Malaysia's Abandoned Tropical Paradise
Pulau Bidong, Malaysia.
Bidong was once the most densely populated place on earth.
Now, just three people remain.
A few locations may come to mind when you think of the world's most densely populated places.
Hong Kong is up there. Manhattan, perhaps. Male, the Maldives' island capital, or the fuvelas of Rio de Janeiro are contenders.
Less would cite Pulau Bidong, a tiny island off Malaysia's north-east coast that, at least momentarily in 1979, laid claim to that title.
As the South Vietnamese began to lose the Vietnam war in the mid-1970s, hundreds of thousands of Vietnamese fled persecution, with the exodus only slowing in the early 1990s.
By then, according to the New York Times, some 800,000 Vietnamese had fled the country. It was one of the largest mass migrations in modern history, and placed an enormous strain on neighbouring countries, who had to quickly respond to ceaseless tides of hungry, desperate people arriving on their shores.
Nowhere was this phenomenon more acutely felt than in north-east Malaysia, where over a quarter of a million refugees arrived. And most of those who made it to Malaysia were quickly relocated to Bidong Island, a small 1 square kilometer mountain jutting its peak out of the South China Sea.
Some Vietnamese spent years on Bidong before being eventually resettled in third countries. By 1991, the last of the refugees left and the Malaysian authorities forbade access to the island, allowing mother nature to reclaim it, and all but destroy the evidence of its past.
Before & After
The island was thought to be the most densely populated place on earth in 1979, when it housed at least 40,000 people (though official signage at Bidong's jetty suggests the peak was over 60,000).
Screenshots from the 1979 ABC News dispatch by Jim Laurie, above, contrast significantly with the same locations on the island today.
An Island graveyard
Having met people in Sydney who passed through this island as children, I was determined to see Bidong while in Malaysia, so I made my way to the peninsular's east coast.
I departed the jetty of Merang, a small and quiet fishing village just 10 kilometers away from Bidong Island, early in the morning.
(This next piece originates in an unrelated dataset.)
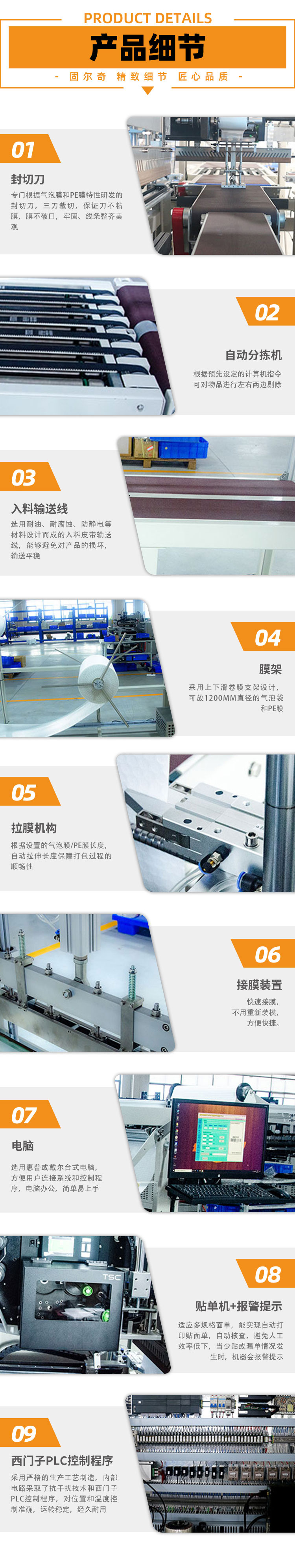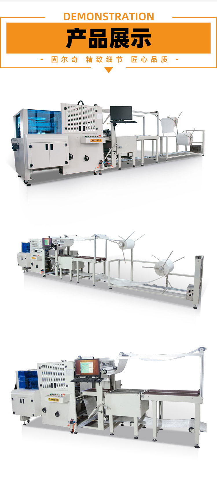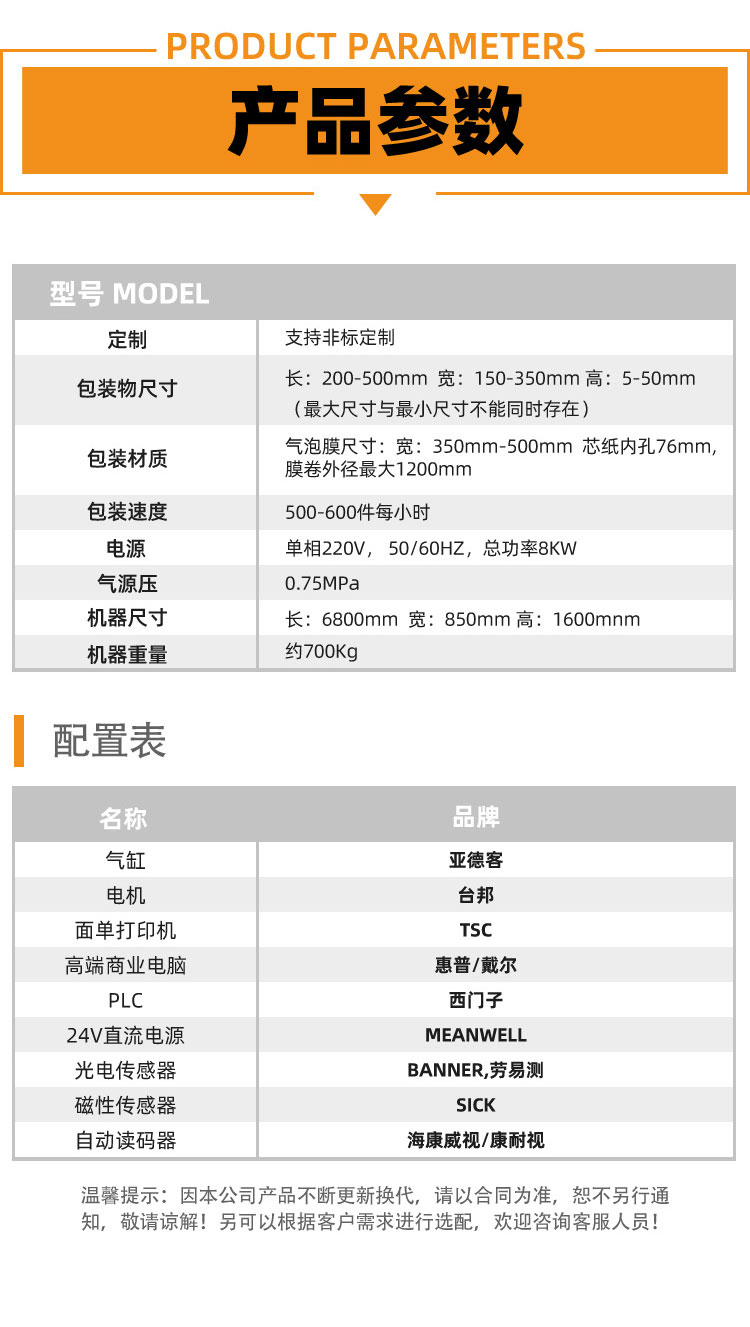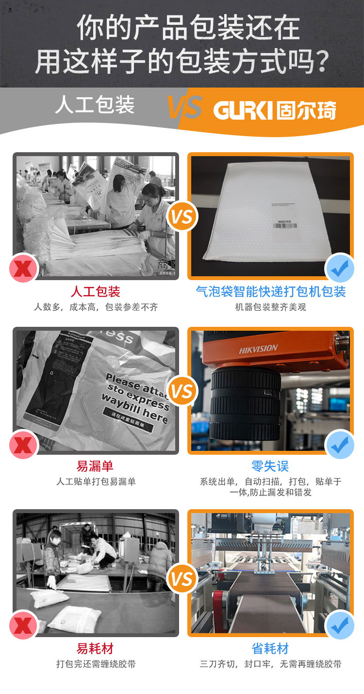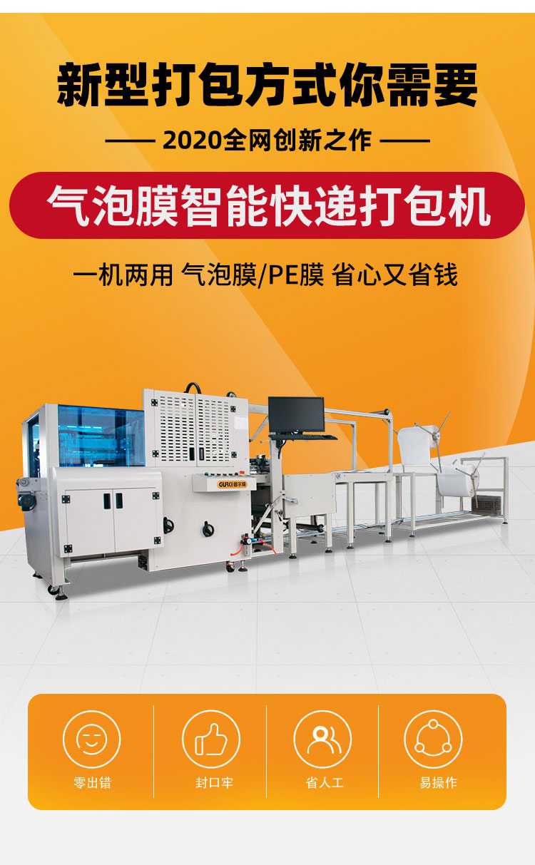 本產(chǎn)品為電商線上發(fā)貨環(huán)節(jié)設(shè)計的氣泡膜或PE膜專用快遞打包機,根據(jù)客戶需要,自動對接電商訂單WMS 系統(tǒng),提供自動識別產(chǎn)品信息、自動剔除、自動封口、自動貼面單和自動復核以及貨品自動輸送等一體化解決方案。

I was surprised to have charted a boat with two teenagers at the helm. And even more surprised when one of them introduced themselves to me as Rafael, hardly the most common name on the east of the Malay peninsular.
The boat ride was fast and bumpy. The waters were turquoise, but undulating, with the empty boat flying from sea to sea, landing heavily after each wave .
After 30 minutes on the empty ocean, we arrived at Bidong jetty.
My guides were somewhat confused as to why I was there. No one comes to the island anymore, save for a few Vietnamese who travel there to pay homage to their past. Some local fisherman plough the nearby waters, and some scientists working on coral preservation come occasionally.
The lack of human presence is immediately felt.
What were once were buildings are now just-surviving foundations overgrown with jungle. The endless graves the scatter the interior of the island suffer all the comes with inattention. Most graves are damaged. Some have, sadly, completely caved in on themselves.
Dozens of memorials, too, pay tribite to the generosity of local people. While Malaysia was strained by the presence of so many refugees, locals in Merang - the closest settlement to Bidong - reflect proudly on the way their community responded to the influx.
This otherwise sleepy, unknown town stood up when they needed to, providing food and water to the incoming arrivals. For those who survived the journey and made Bidong their home, an enormous sense of gratitude to the people of Malaysia is clear.
After a hike through the jungle, exploring the endless graves and memorials, we continued around to the island's east, where we met the island's few inhabitants.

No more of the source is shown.